To look out if there was “less than K valid labellings” was just another trick question, because if there is one valid labelling then there are 2^32 valid labellings (which is greater than K <= 10^9).
I coded the same as mentioned in the editorial during the contest … (Except the part that i used recursion in my code ) … Then i coded it only using BFS and got AC for now but i want to know why my previous code giving WA … It should produce some veridict link Rumtime error or something … So, please can anyone of you look at this code and tell me where it is going wrong…
How do we prove that assigning Xi = Xi XOR (K-1) will produce Kth lexicographically smallest sequence? I understand that Xi < Xi+1 < Xi+2 < … but how XOR with K-1 will produce Kth lexicographically smallest sequence?
Can someone give an example input where contradictions would arise? I don’t see how it’s possible if there are no loops in G.
EDIT
Wiki definition of a loop: “In graph theory, a loop (also called a self-loop or a “buckle”) is an edge that connects a vertex to itself.” Loop (graph theory) - Wikipedia
Not synonymous with a cycle: “In graph theory, there are two different types of object called cycles; a closed walk and a simple cycle. A closed walk consists of a sequence of vertices starting and ending at the same vertex, with each two consecutive vertices in the sequence adjacent to each other in the graph. A simple cycle, also called a circle or polygon, is a closed walk with no repetitions of vertices and edges allowed, other than the repetition of the starting and ending vertex.” Cycle (graph theory) - Wikipedia
consider the sequence (X1, X2, …, XN) as a number in the form x1x2x3…xN now to find least lexicographic number we should take x1=0 and solve for rest (we are finding the number with 0 as first digit)… so the second lexicographic number would be starting with 1 => x1=1 and so on… so to find the kth lexicographic sequence we xor the whole digits(sequence) with k-1
Yeah, you should do this only in the connected component with the maximal possible minimal vertex, while in the other part of graph you should find the minimal valid sequence.

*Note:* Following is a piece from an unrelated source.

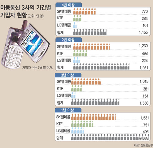 SK텔레콤, KTF, LG텔레콤 등 이동통신 3사의 3년 이상 가입자는 올해 7월 말 현재 1550만 명이어서 1차적으로 이들이 혜택을 받게 된다.

Let me try to explain this to you. Forget about the tree and Xor operation for this time. Suppose you need to produce the Kth lexographical sequence of N numbers .
00000000000… upto N numbers will be the first seq. agree?
00000000000…1(nth number)will be the second seq. agree?
00000000000…2 (with nth number) will be the third seq. agree?
and so on you can simply find the kth sequence following the same
order…
00000000000…K-1(nth number) will be K th lexo… sequence…
Agreed. But how is it ensured that after Xor, the sequence is Kth smallest?
I agree that once you find the (lexicographically) smallest sequence (X1,X2,…Xn), there are infinite (or 2^32) solutions which can be obtained by Xoring each with a constant.
But after Xoring, numbers can change.
If a < b, then how is it guaranteed that a Xor K < b Xor K?
If you can prove this, then everything will follow.
Thanks for responding.